Dyson CEO eyes UAE as regional hub

The company is considering a larger investment in the country as it expands into new product areas including electric vehicles


Premium household device manufacturer Dyson is considering the UAE as a regional hub to serve the wider Middle East, its CEO has said.

Jim Rowan told Gulf Business that the British brand had seen 200 per cent growth annually in the country over the last two years and would continue investing into the future.

“We’re starting to look now at using the UAE as a hub for MEA (Middle East and Africa),” he explained.

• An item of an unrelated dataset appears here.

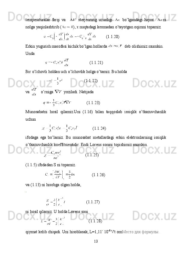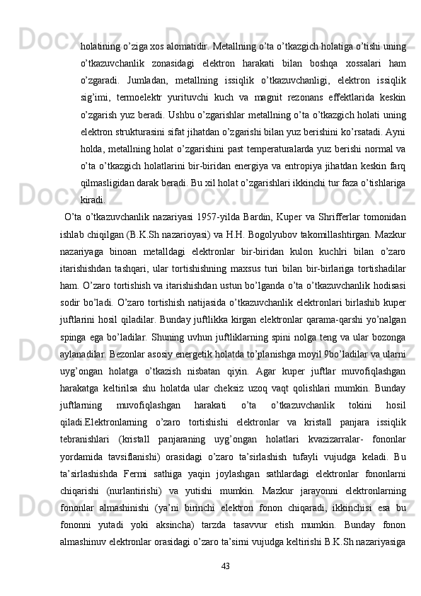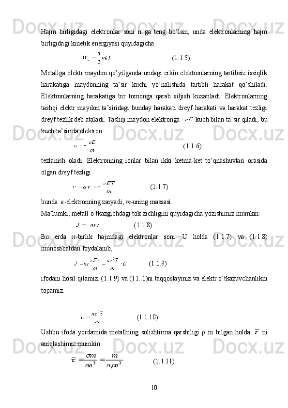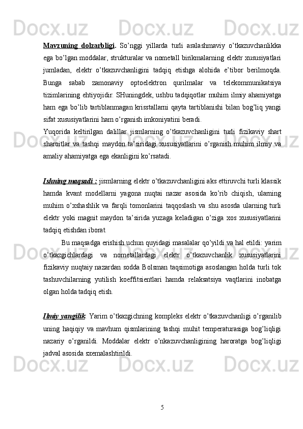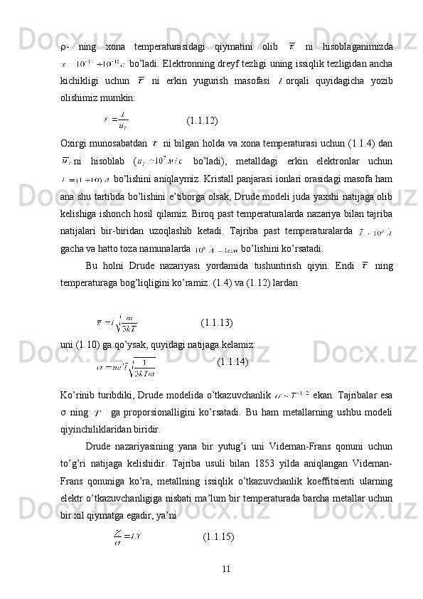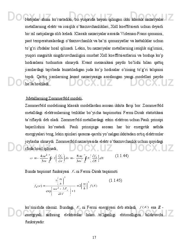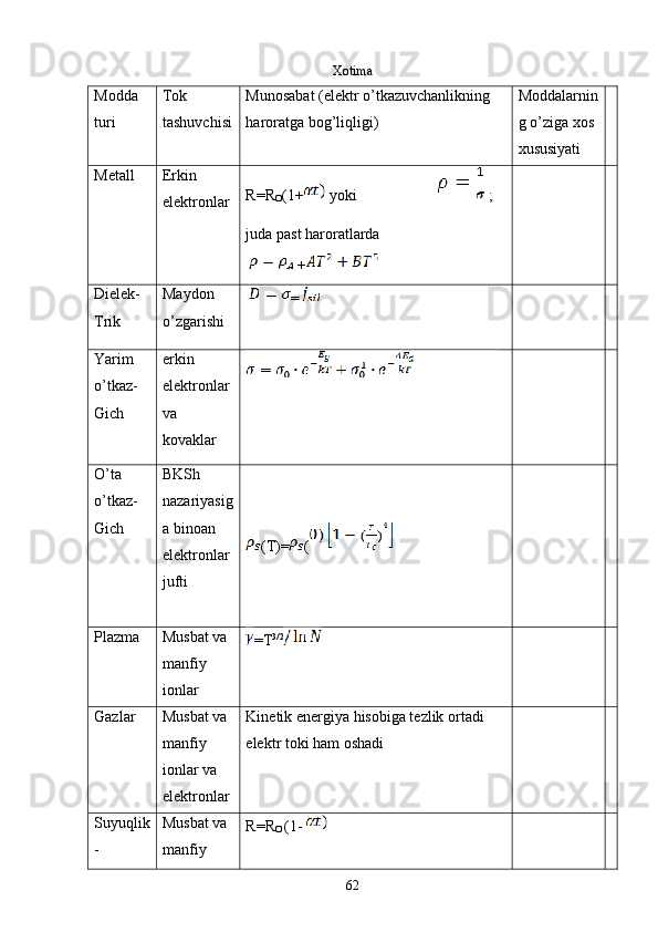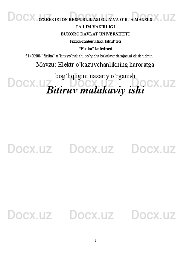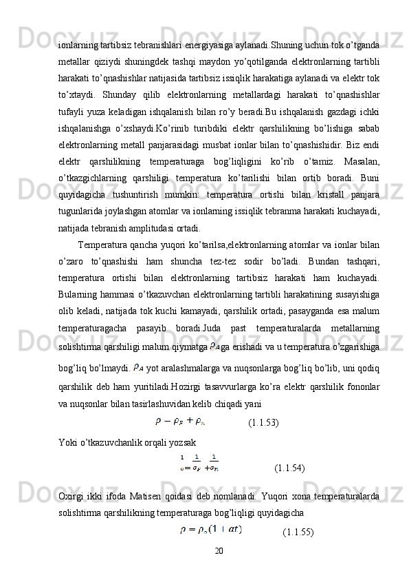 Elektr o'tkazuvchanlikning haroratga bog'liqligini nazariy o'rganish

“The government investments in technology and engineering and of course coupled to the infrastructure we have here makes it a very viable proposition for us to continue to invest here.”

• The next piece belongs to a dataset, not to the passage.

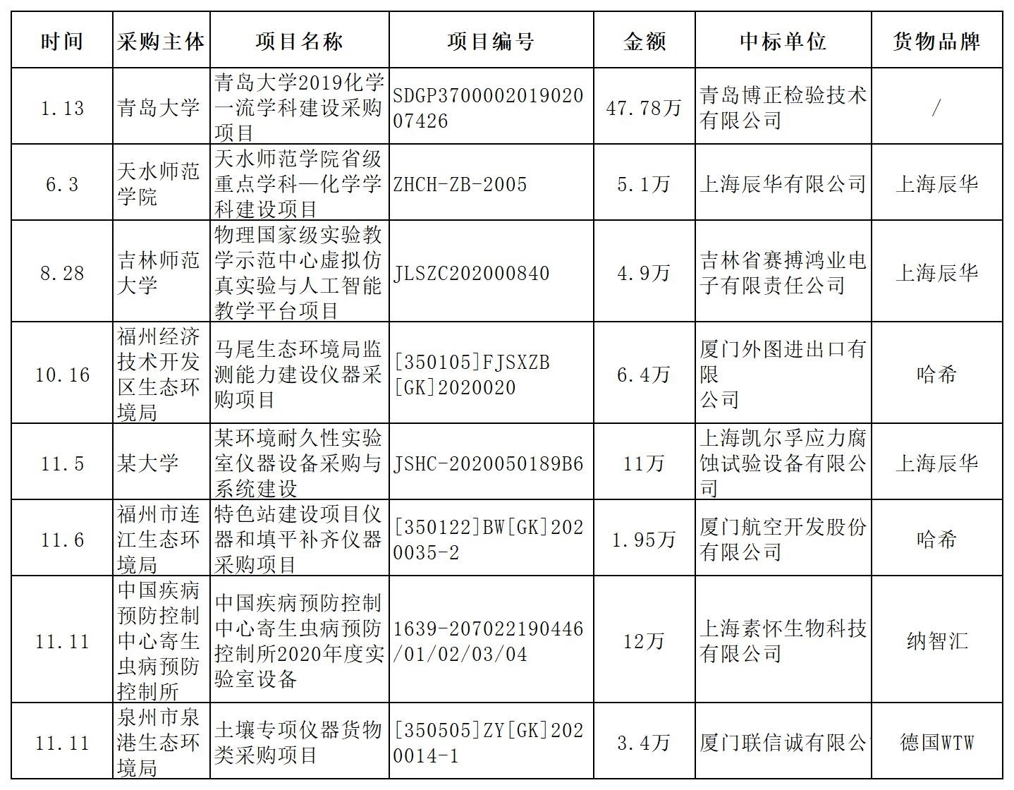 此外,從中標品牌來看,2020年電化學分析儀采購兼具國產和國外品牌,難分秋色。在9場中標采購中,上海辰華生產的電化學分析儀中標3場,行業巨頭哈希所產的電化學分析儀中標2場,是“出鏡率”最高的兩個貨物品牌。而從客單價來看,哈希2場中標貨物的總價為人民幣8.35萬元,采購總量為3臺,客單價為2.78萬元,上海辰華3場中標貨物的總價為人民幣21萬元,采購總量為3臺,客單價為7萬元,中標金額相對較高。

Dyson currently has a workforce of 28 people in the UAE but expects to add another 10 in the immediate future with further hires to follow if the hub plan is put into action.

“If we add a hub it will be more focused on supply chain and logistics aspects – then of course it will growth beyond that,” Rowan said.

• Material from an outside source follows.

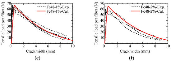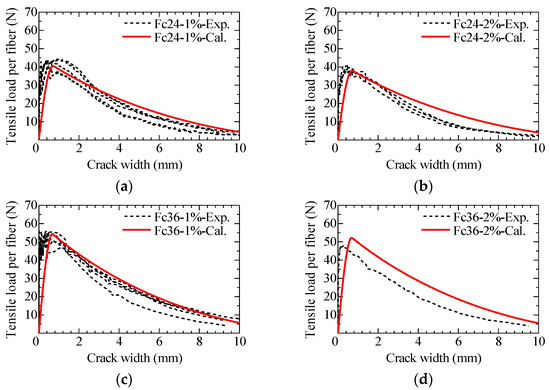 Tensile load is divided by the number of fibers, i.e., the counted number of fibers on the fracture surface in the case of the test results as described in Section 3.3, or the number of effective fibers [19] given by following Equation (2) in the case of the calculation. The crack width for the test results is obtained from the measured axial deformation divided by the number of cracks observed in the uniaxial tension test.

“We’re in the middle of that investment profile, how that would look, how many people and what the capital requirements would be.”

However, the CEO suggested there were no plans to shift any manufacturing operations from Dyson’s main bases in Malaysia and the Philippines.

The brand’s latest Pure Cool air purifier towers retail for up to Dhs2,600 ($708) in the UAE and its Cyclone V10 cordless vacuums for Dhs2,400-3000, although Rowan indicated Gulf Cooperation Council sales still make up a “pretty small” percentage of its global revenue, which is led by the US and a rapidly growing Chinese market.

It was reported last month that the company’s billionaire founder had seen his wealth increase by another GBP200m after Dyson’s family-owned parent company recorded a 40 per cent rise in turnover last year to GBP3.5bn ($4.57bn) and 27 per cent rise in profit to GBP801m ($1.1bn).

The dividend payments to Sir James Dyson, who has a net worth of $11bn according to Bloomberg, and other shareholders by Weybourne Group came after Dyson’s first hair dryer “exceeded expectations” during its first full year on the market.

Rowan said Dyson was in New York to announce another addition to the brand’s lineup, later revealed to be $500 hair curlers. It hopes the product will be a similar success story.

The company has also committed GBP2bn ($2.6bn) to produce an electric vehicle by 2021 and said in August it planned to invest a GBP116m ($151m) to build 10 miles of test tracks and offices for 2,000 workers at a former Royal Air Force base in England.

It already employee 400 workers at the site, which it purchased in 2016, and is recruiting a further 300.

Rowan said the company thought it was up to the challenge of competing with global car manufacturers and planned to make a “meaningful dent” in the space.

“We’re aware of the risks and the challenges and the competition but we’d never been in the hair dryer market before and now we’re number one in value share within a year.”

He said it was yet to be decided whether Dubai and other regional markets would get access to the vehicle when it first launches.

The company expects to select a manufacturing base “in the next few months”, a process Rowan said would be based on the local skills base and government incentives, before it determines which would be the best launch locations.

Until then, the CEO suggests there are no plans to licence its technology to other manufacturers or partner with one to make it a reality.

“Of course never say never, but the fact is we’ll be designing most of the car ourselves,” he said.

In the more immediate future, Dyson is eyeing expansion into the wider Middle East and Africa from its current presence in 14 markets and is expecting similar double-digit to that seen last year.

“We just went into India at the end of 2017 and again that’s another huge market and Mexico [too] at the end of 2017 that’s another huge potential. We don’t do anything in Latin America or Brazil so we’d be hopeful we can keep our growth curve in the same trajectory.”